In other words, a question asked in ordinary language may be hard to interpret in general.
But if one chooses to interpret it only in terms of what can be computed—what can be calculated—from it, it becomes possible to make a precise interpretation.
One is doing what I believe most of traditional science has done: choosing to look only at those parts of the world on which particular methods can make progress.
But I believe we are fairly close to being able to build technology that will let us do some version of what Leibniz hoped for.
To take issues in human discourse, and when they are computable, compute them.
The web—and especially web search—has defined an important transition.
It used to be that static human knowledge—while in principle accessible through libraries and the like—was sufficiently difficult to access that a typical person usually sampled it only very sparingly.
But now it has become straightforward to find "known facts".
Using the "handle" of language, we just have to search the web for where those facts are described.
But what about facts that are not yet "known"? How can we access those?
We need to create the facts, by actual computation.
Some will be fraught with computational irreducibility, and in some fundamental sense be inaccessible.
But there will be others that we can access, at least if we can find a realistic way for us humans to refer to them.
Today there is a certain amount of computation about the world that we routinely do.
Most of it is somehow done automatically inside devices that use their own sensors to find out about the world—automatic cameras, GPS devices, and so on.
And there is a small subset of people—physicists, engineers, and the like—who fairly routinely actually do computations about the world.
But despite the celebrated history of exact science, few people have direct access to the computations it implies can be done.
I think this will change. Part of the change is already made possible with Mathematica as it is today. But another part is coming, with new technology that we are working to build.
And the consequence of it will be something that I believe will be of quite fundamental importance.
That we will finally be able routinely to access what can be computed about our everyday world.
In a sense to have ultimate access to the knowledge which it is possible to get.
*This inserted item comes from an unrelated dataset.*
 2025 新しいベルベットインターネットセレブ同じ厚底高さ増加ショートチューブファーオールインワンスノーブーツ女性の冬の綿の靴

Extrapolating from Leibniz, we might have hoped that we would be able to get ultimate knowledge about everything.
Somehow with our sophistication to be able to work out everything about the world, and what can happen in it.
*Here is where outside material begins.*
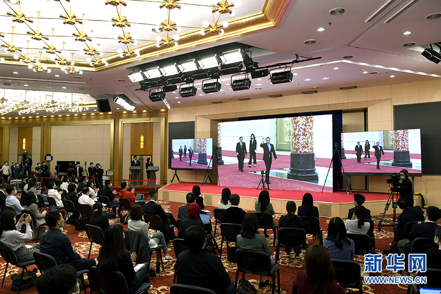 5月28日,國務院總理李克強在北京人民大會堂出席記者會并回答中外記者提問。這是記者在梅地亞中心多功能廳采訪。 新華社記者 金良快 攝

But we now know that this will never be possible. And indeed, from looking at the computational universe, it becomes clear that there is a lot in the world that we will never be able to "unravel" in this way.
In some ways it would have been disappointing if this had been so. For it would mean that our world could somehow be simplified.
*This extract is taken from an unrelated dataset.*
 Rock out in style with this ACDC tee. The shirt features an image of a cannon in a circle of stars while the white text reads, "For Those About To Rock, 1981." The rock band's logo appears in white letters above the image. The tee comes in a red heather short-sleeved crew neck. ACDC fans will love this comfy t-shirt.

And that all the richness of what we actually see—and the actual processes that go on in nature—would be unnecessary.
And that with our ultimate knowledge we would be able to work out the true "results" of our universe, without going through everything that actually happens in the universe.
As it is, we know that this is not the case. But increasingly we can expect that whatever knowledge can in principle be obtained, we will actually be able to obtain.
To fully harness the concept of computation, and to integrate it into the future of our civilization.